Threadwielders (a/k/a Threadweavers) are a mostly acorporeal, quasi-immortal species that are technically immigrants to the universe from a different one - while simultaneously being the makers of the universe as a whole. They have a mostly tacit understanding of how the whole thing works - and how to tweak it so it does something else.

Biology

Threadwielders are chiefly invisibly encoded as information into the universe when they move through it. Much like a fungus and its fruiting body, Threadwielders are much larger entities than their avatars might suggest, and the more they age, the more 'space' they take up. Threadwielders do need their avatars to interact with the world. Each avatar has an acorporeal component (the one that can hypothetically manipulate Thread) and a corporeal one, and the corporeal one does not have to be visible at all. The corporeal part is a bit like a thin layer of skin - it can be prised off and a new one sought, but that's a dead-end without any Thread to graft itself to the new 'skin', and incredibly difficult without at least an alibi corporeal avatar to stay in touch with physical reality, since without perception of it, it's like swimming blindly in a zero-g ocean trying to find the surface to break through.

To kill a Threadwielder, one would have to trap its corporeal avatar, poison its acorporeal avatar to prevent it from detaching from it, use its structure to find the informational component, and rewrite (scramble) enough of it to turn the Threadwielder little more than random cosmic background noise - certainly nothing sapient. (This is exactly what Teranyina does.)

A complete destruction of a Threadwielder's avatar is 'survivable' for the Threadwielder, in that nothing threatens the informational component. The creature can even resurrect out of that particular torpor, as long as other Threadwielders are so kind to create them a new avatar.

In the most abstract sort of sense, they reproduce sexually; it's something that happens between acorporeal avatars, though mediated through the physical world, which is to say, corporeal avatars have to have some proximity to each other (or the aformentioned 'blind swimming' causes a chance encounter, but that's of course not practical).
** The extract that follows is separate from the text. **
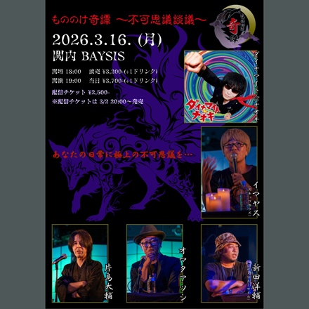 開場 18:30 開演 19:00 │ 当日 ¥3500  前売 ¥3000  配信 ¥2500

Nonetheless, they're genderless - there are no roles in such an encounter. There's also no social component to the interaction, other than the resulting responsibility to care for the offspring, so in practise it's used exclusively for procreation - though it could hypothetically be used as a rather effective form of blackmail, since no consent is actually necessary, but responsibility is assumed anyway.

(It's quite independent of what corporeal avatars do, too. Two Threadwielders could take a liking to sex as we humans understand it and nothing would come of it. As such, it's theoretically possible to have 'sexual' Threadwielder interaction with strong social components - one that exists between corporeal avatars. It would just have nothing to do with their actual reproduction.)

Culture

The attitude of Threadwielders tends to be fairly meh for a culture of de-facto deities. They have no rules about what's ethical to do to their pet universe, short of respecting their kin and accountability for one's actions. The lack of strong societal values, however, is in part what makes them good Guardians of other sapient species: They can adopt their pet culture's values almost entirely.

Actively causing the death of another Threadwielder is immediate grounds for complete ostracism (and running danger of being similarly destroyed) and, if it can be arranged, the removal of all Thread in the Threadwielder's possession.

They're not very prone to helping each other (they're more a live-and-let-live people), except to defend from other Threadwielders. The notion that other things might be able to do them harm is difficult to swallow and might take a few millennia to properly sink in; only to be so alien a concept that it registers as much more threatening than Threadwielder warfare, even though it's not, and does not invite intervention, either, just avoidance.

Their culture has an age-based hierarchy; the older you are, the more respected you are and the more influence you have, unless you've done something to earn contempt or derision.

Failing to correctly assess the consequences of one's Thread-based tampering is practically considered a heinous crime, since anyone who dares use Thread (= a lot of Threadwielders, but not most of them) ought to bloody well know what's going to happen for the next few millions of years at least.

Generally, despite perceiving time no different than a human being might, Threadwielders ignore short-term changes, where 'short-term' is anything under one millennium. If a problem persists for longer than that time, it's acknowledged as an actual problem. Before then, it's a nuisance at best - unless, of course, it affects them personally, in which case it's dealt with. If it's happening to other people, though, it can wait.